The Fed cut the federal funds rate (FFR) by 50bps today. This marks the end of the Fed’s monetary policy tightening cycle that started during March 2022, which was aimed at bringing inflation back down to 2.0% even if that caused a recession. Inflation isn't quite there yet, but it is close enough. So today, in his presser, Fed Chair Jerome Powell reiterated that the Fed's main focus now is to keep a lid on the unemployment rate.
In response to the Fed's statement at 2:00 p.m., the S&P 500 rallied to a new record high of 5674 by 2:30 p.m. when Powell's presser started. As he spoke, however, stocks turned down and closed lower on the day as the 10-year Treasury yield rose above 3.70%. We still expect the stock market to climb to new record highs after the November presidential election. Now that the Fed is stimulating the economy, the hard-landing crowd should disperse.
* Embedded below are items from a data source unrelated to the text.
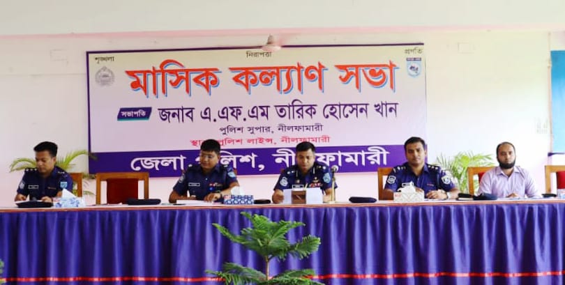 রবিবার ২৪ই আগস্ট সকাল ১০.৩০ ঘটিকায় নীলফামারী পুলিশ লাইন্স ড্রিল সেডে নীলফামারী জেলা পুলিশের মাসিক কল্যাণ সভা অনুষ্ঠিত হয়। উক্ত কল্যাণ সভায় সভাপতিত্ব করেন মাননীয় পুলিশ সুপার, নীলফামারী এ.এফ.এম. তারিক হোসেন খান।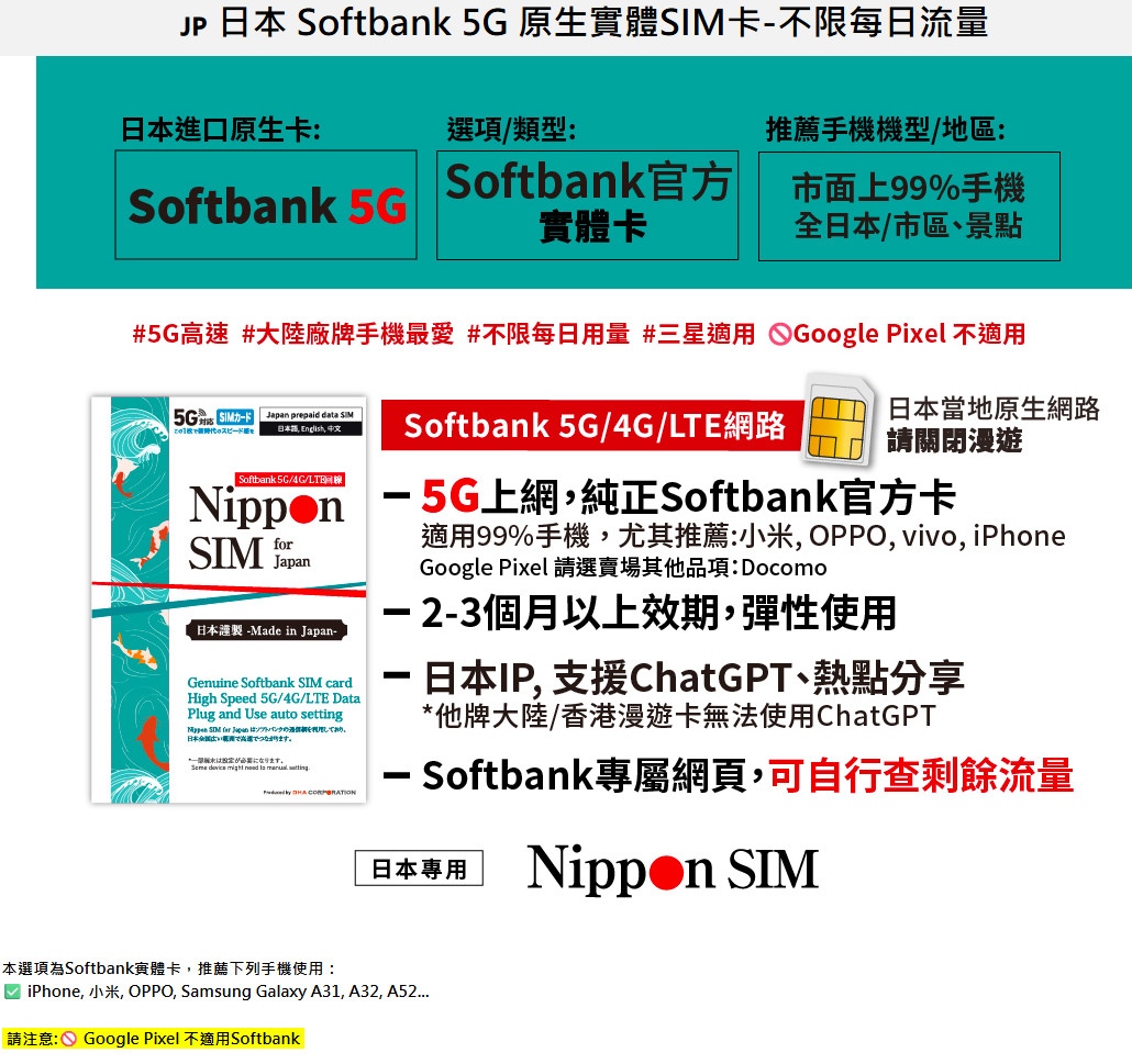 | Nippon SIM | Softbank原生卡(長效期、定量型) au KDDI 5G原生卡/eSIM(吃到飽不降速) | 請至蝦皮官方賣場訂購 |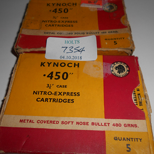 TEN .450 X 3 1/4IN. KYNOCH NITRO EXPRESS CARTRIDGES, comprising of two kynoch retail cartons with five rounds of 480 gr solid in one carton and five rounds of 480 grain metal covered soft nose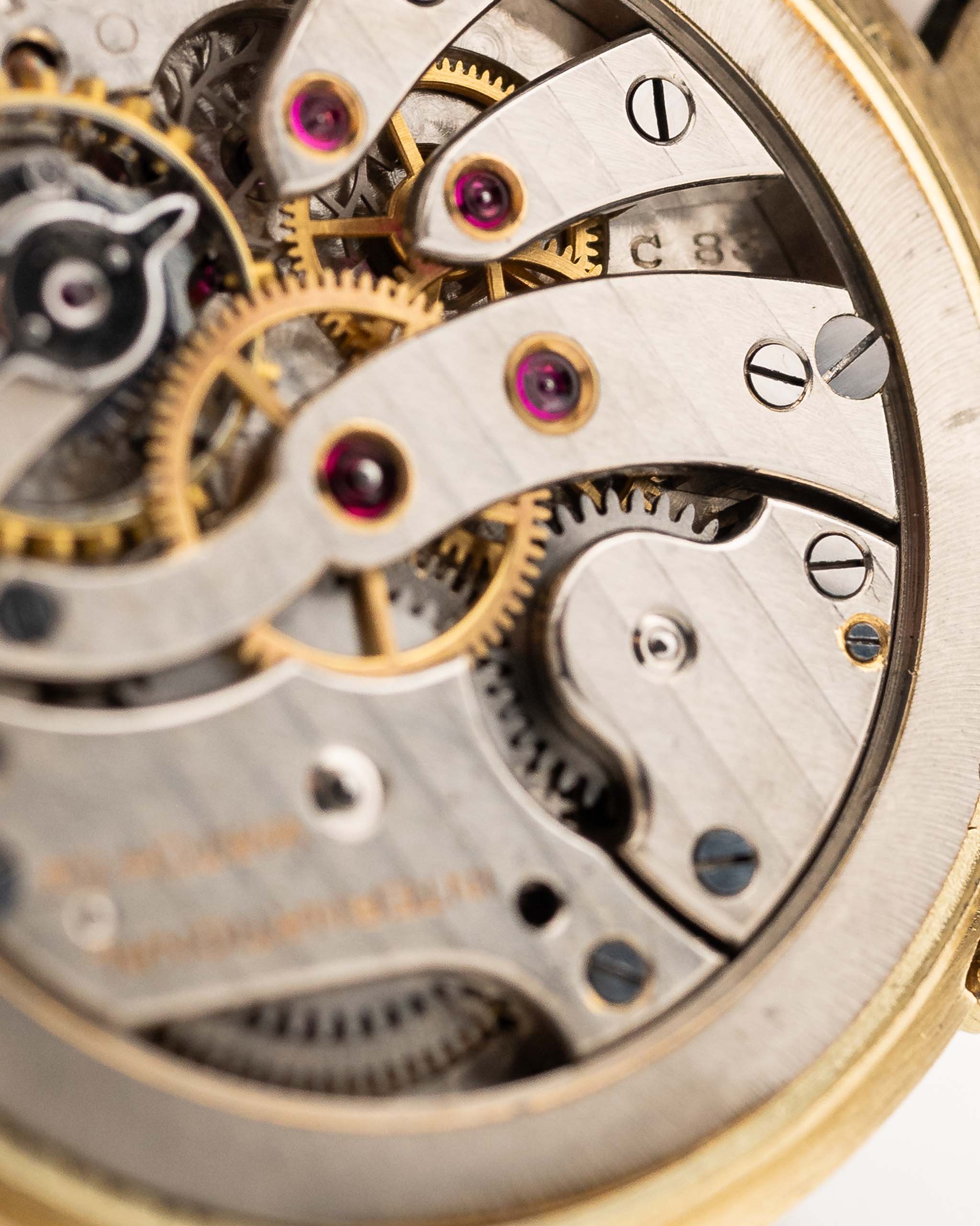 Der Name Hermet steht für die patentierte staub- und feuchtigkeitsbeständige Konstruktion, ein technischer Fortschritt, der seiner Zeit weit voraus war. Unser Modell scheint eine Vorversion der 1938-40 erschienenen Hermet zu sein. Das vergoldete Zifferblatt, unberührt und gleichmäßig gealtert, strahlt mit seinen scharfen arabischen Ziffern und den Originalzeigern, die von einer teilweise versenkten Krone umrahmt werden - eine diskrete Anspielung auf die durchdachte Technik im Inneren - Vintage-Wärme aus.

Leveraged companies that rely on floating rate debt now have cheaper debt servicing costs. The Russell 2000 index of small companies finished the day higher (chart). The S&P 493—including value stocks and other sectors that missed out on the Tech-led bull market—should begin to catch up.
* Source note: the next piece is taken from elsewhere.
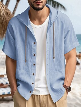 Per uomo Camicia camicia di lino Camicia estiva Camicia da spiaggia Tinta unica Da mare Informale Nero Bianco Blu Cachi Manica corta Con cappuccio Estate Primavera Abbigliamento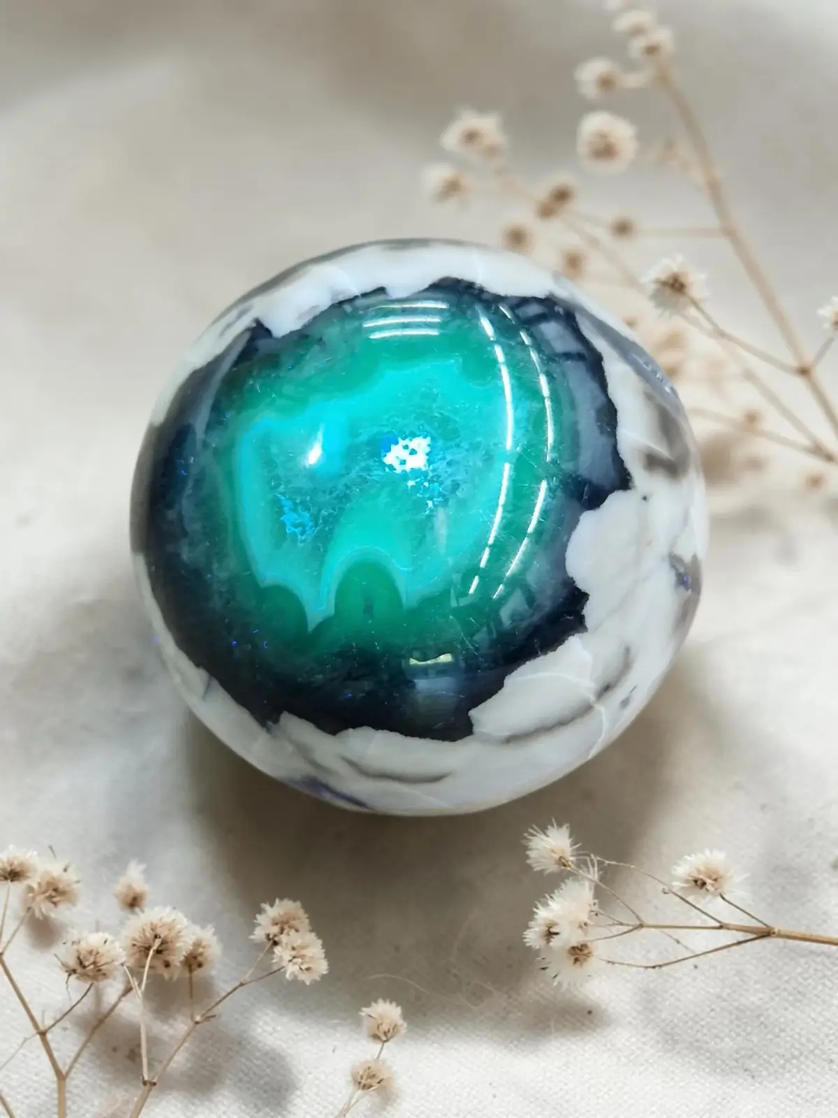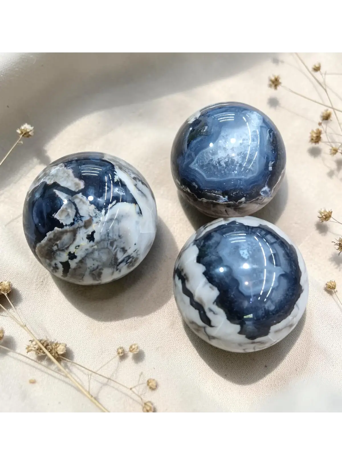 Posebnost: Vsaka ahatna krogla je popolnoma unikatna, njeni vzorci, prehodi barv in strukture so ustvarjeni v naravi in jih ni mogoče ponoviti. Ta kombinacija temnih in svetlih delov daje krogli še posebno globino in moč. Idealna za prostor, meditacijo ali kot čudovit dekorativni kos z močno energijo.

The bond market's initial reaction to the Fed rate cut seems to agree with our assessment that today's big cut could be more than the economy needs. The FOMC has signaled one or two more cuts this year in the updated Summary of Economic Projections (SEP) with another 100bps of cuts next year (chart).
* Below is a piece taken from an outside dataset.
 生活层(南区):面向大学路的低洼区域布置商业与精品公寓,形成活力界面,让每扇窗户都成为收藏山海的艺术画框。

The FOMC has a slower economic outlook than we do. The latest SEP shows that officials' forecast for the unemployment rate was raised 0.4 percent higher to 4.4% for 2024 and upped by 0.2 percent for 2025 to 4.4% and 2026 to 4.3%. Real GDP, meanwhile, is expected to grow just 2.0% this year and the next two. Current economic data suggest otherwise, and we expect that better-than-expected productivity growth will boost real economic growth through the end of the Roaring 2020s.
By the way, the FOMC's updated rate forecasts show the FFR falling to 2.9% in 2026. That implies a much slower pace of rate cuts than the FFR futures market, which expects 2.8% in the next 12 months (chart).
We are anticipating that the economic data will come in stronger than expected, especially now that the Fed has started to actually lower the FFR. In this scenario, the bond yield might have bottomed for a while and head back up closer to 4.00% (chart).
The FOMC had its first dissent since 2022 at this meeting. Fed Governor Michelle Bowman voted for a smaller 25bps rate cut. But the Fed's dot plot, updated in its new SEP, suggests dissent was much greater. Two participants favor not reducing rates again this year, and another seven see just one 25bps cut later this year.
Diverging views among Fed officials are likely to be evident in the meeting minutes which will be released in a few weeks. Powell's ability to cajole his fellow FOMC colleagues into his newly adopted dovish stance will be tested at the next two meetings.